M2) Dump the RETRIEVED_GTID_SET for receiver threads (wrlock);
M3) Dump GTID_EXECUTED (wrlock);
Notice that M2 and M3 are done while holding the same lock.

The proposal will make R1, R2, R3, M1 and M2 to rely on channel specific lock
instead of relying on the global SID lock.

Currently:

Any channel doing R1/R2/R3 is blocking:
B1.1) any thread doing M1 on same channel;
B1.2) any thread doing M1 on other channels;
B1.3) any thread doing M2/M3;

Any channel worker doing W1/W2/W3 is blocking:
B2.1) any thread doing M1 on any channel;
B2.2) any thread doing M2/M3;

Any monitoring statement doing M1 is blocking:
B3.1) same channel from doing R1/R2/R2
B3.2) any other channel from doing R1/R2/R2
B3.3) any worker from doing W1/W2/W3;
B3.4) any binlog send from doing S1;
B3.5) any other thread doing M1 on same channel;
B3.6) any other thread doing M1 on other channels;
B3.7) any thread doing M2/M3;

Any monitoring statement doing M2/M3 is blocking:
B4.1) any channel from doing R1/R2/R2
B4.2) any worker from doing W1/W2/W3;
B4.3) any binlog send from doing S1;
B4.4) any thread doing M1;
B4.5) any other thread doing M2/M3;

The design proposed is making B1.2, B2.1, B3.2, B3.3, B3.4 and B3.6 possible.

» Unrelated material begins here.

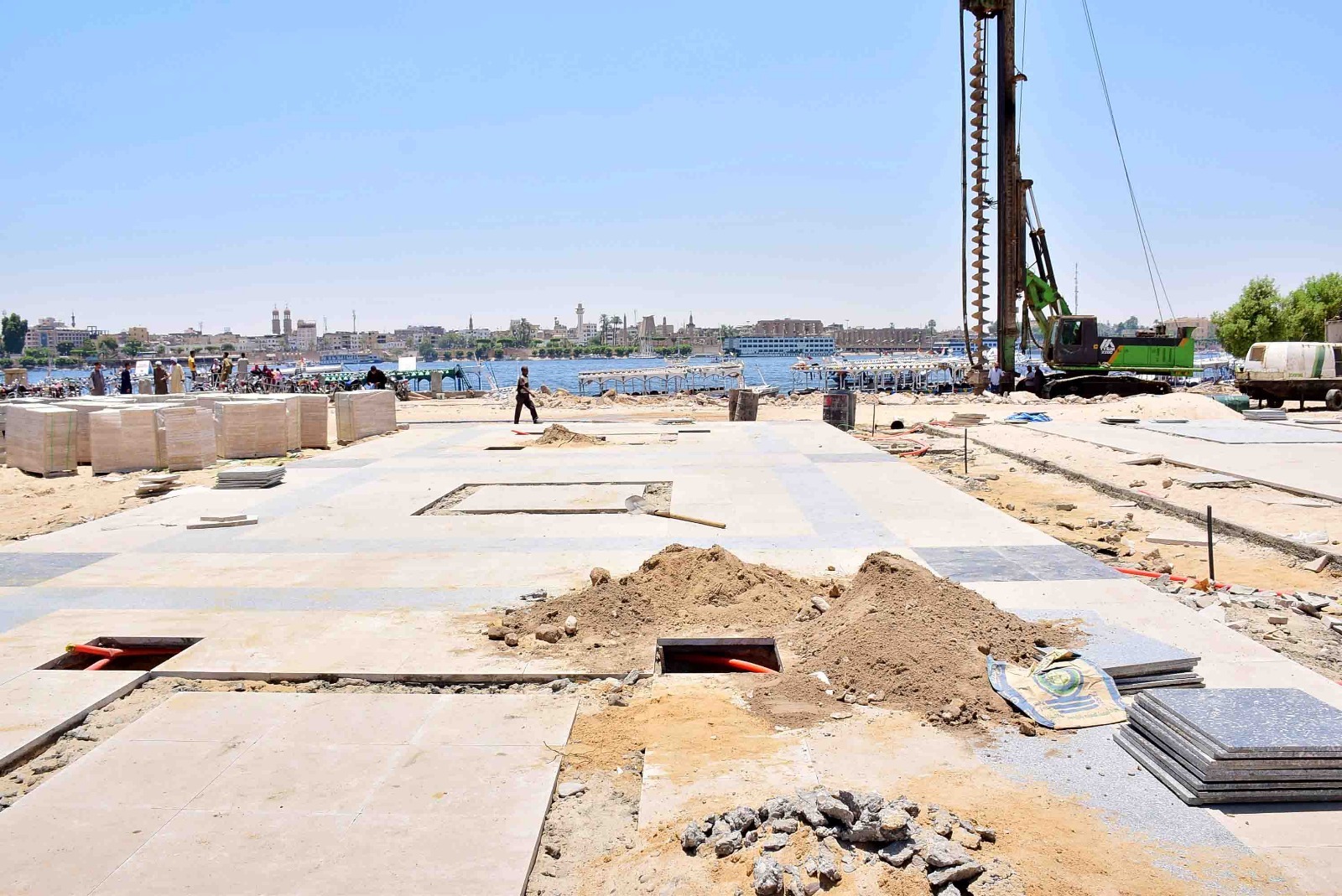 وشملت جولة محافظ الأقصر، تفقد مشروع إنشاء كورنيش النيل بمدينة القرنة بالبر الغربي للأقصر، والذي يحتوي على العديد من الأعمال بمسطح عام يتجاوز 20 ألف متر مربع، حيث قام المحافظ بالوقوف على نسب التنفيذ بالمشروع، كما تفقد المحافظ بدء تنفيذ أعمال الخوازيق لإنشاء الممشي الزجاجي داخل النيل أمام منطقة المطاعم.

Each proposed step on the HLS is kind of independent (or incremental)
relative to the other steps. Because of this we intend to split the code
review of this worklog into 5 reviews (one per proposed step).

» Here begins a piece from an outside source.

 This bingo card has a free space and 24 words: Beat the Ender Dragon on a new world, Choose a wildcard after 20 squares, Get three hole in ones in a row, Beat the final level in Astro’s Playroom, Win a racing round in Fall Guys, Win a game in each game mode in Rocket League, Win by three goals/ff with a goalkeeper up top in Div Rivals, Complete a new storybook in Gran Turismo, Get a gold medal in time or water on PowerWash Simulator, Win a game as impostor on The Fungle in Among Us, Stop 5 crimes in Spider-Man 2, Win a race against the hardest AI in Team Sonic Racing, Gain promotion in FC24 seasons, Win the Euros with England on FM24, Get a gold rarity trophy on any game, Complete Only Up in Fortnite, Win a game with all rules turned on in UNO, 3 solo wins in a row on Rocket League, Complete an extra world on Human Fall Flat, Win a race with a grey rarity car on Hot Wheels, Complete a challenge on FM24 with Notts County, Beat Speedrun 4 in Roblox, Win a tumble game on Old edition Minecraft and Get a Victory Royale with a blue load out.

Step 1: Use a separate IO_CACHE on SQL thread always
----------------------------------------------------
We already coded the infrastructure to the binlog_end_pos
handling, so there is no need of a new variable to determine the relay
log "limit" to readers.

Most of the changes will be on the next_event() function
(sql/rpl_slave.cc) and on Relay_log_info::init_relay_log_pos().


Step 2: Make retrieved GTID sets to use their own SID map/lock
--------------------------------------------------------------

We will create a new PSI_rwlock_key key_rwlock_receiver_sid_lock to be
used by the SID maps of the receiver threads.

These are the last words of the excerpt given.